▸ Input
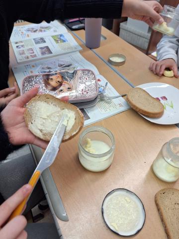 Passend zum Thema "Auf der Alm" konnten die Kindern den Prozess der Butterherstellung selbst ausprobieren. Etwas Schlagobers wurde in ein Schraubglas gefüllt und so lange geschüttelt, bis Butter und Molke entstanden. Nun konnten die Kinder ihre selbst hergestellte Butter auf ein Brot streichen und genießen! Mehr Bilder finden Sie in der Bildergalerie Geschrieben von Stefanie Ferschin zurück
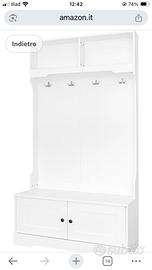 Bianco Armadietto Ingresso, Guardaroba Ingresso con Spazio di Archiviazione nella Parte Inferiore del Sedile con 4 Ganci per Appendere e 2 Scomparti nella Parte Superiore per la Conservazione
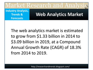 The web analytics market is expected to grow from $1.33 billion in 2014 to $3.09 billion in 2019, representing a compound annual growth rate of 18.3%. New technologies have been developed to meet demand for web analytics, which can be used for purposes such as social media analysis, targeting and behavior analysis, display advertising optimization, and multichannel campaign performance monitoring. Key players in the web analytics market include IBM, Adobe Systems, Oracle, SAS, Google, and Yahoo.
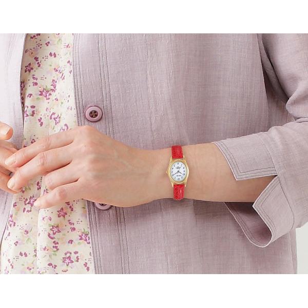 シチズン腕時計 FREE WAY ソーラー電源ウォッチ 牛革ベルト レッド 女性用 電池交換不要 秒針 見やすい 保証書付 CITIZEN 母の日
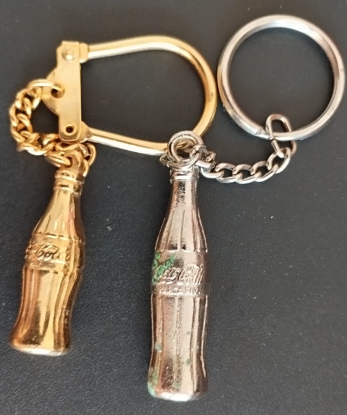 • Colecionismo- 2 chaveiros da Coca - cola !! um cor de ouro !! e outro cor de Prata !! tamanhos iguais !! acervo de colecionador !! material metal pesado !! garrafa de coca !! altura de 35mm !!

▸ Task statement
Retype all the entries exactly; drop the pictures.

▸ Written answer
 Passend zum Thema "Auf der Alm" konnten die Kindern den Prozess der Butterherstellung selbst ausprobieren. Etwas Schlagobers wurde in ein Schraubglas gefüllt und so lange geschüttelt, bis Butter und Molke entstanden. Nun konnten die Kinder ihre selbst hergestellte Butter auf ein Brot streichen und genießen! Mehr Bilder finden Sie in der Bildergalerie Geschrieben von Stefanie Ferschin zurück
 Bianco Armadietto Ingresso, Guardaroba Ingresso con Spazio di Archiviazione nella Parte Inferiore del Sedile con 4 Ganci per Appendere e 2 Scomparti nella Parte Superiore per la Conservazione
 The web analytics market is expected to grow from $1.33 billion in 2014 to $3.09 billion in 2019, representing a compound annual growth rate of 18.3%. New technologies have been developed to meet demand for web analytics, which can be used for purposes such as social media analysis, targeting and behavior analysis, display advertising optimization, and multichannel campaign performance monitoring. Key players in the web analytics market include IBM, Adobe Systems, Oracle, SAS, Google, and Yahoo.
 シチズン腕時計 FREE WAY ソーラー電源ウォッチ 牛革ベルト レッド 女性用 電池交換不要 秒針 見やすい 保証書付 CITIZEN 母の日
 • Colecionismo- 2 chaveiros da Coca - cola !! um cor de ouro !! e outro cor de Prata !! tamanhos iguais !! acervo de colecionador !! material metal pesado !! garrafa de coca !! altura de 35mm !!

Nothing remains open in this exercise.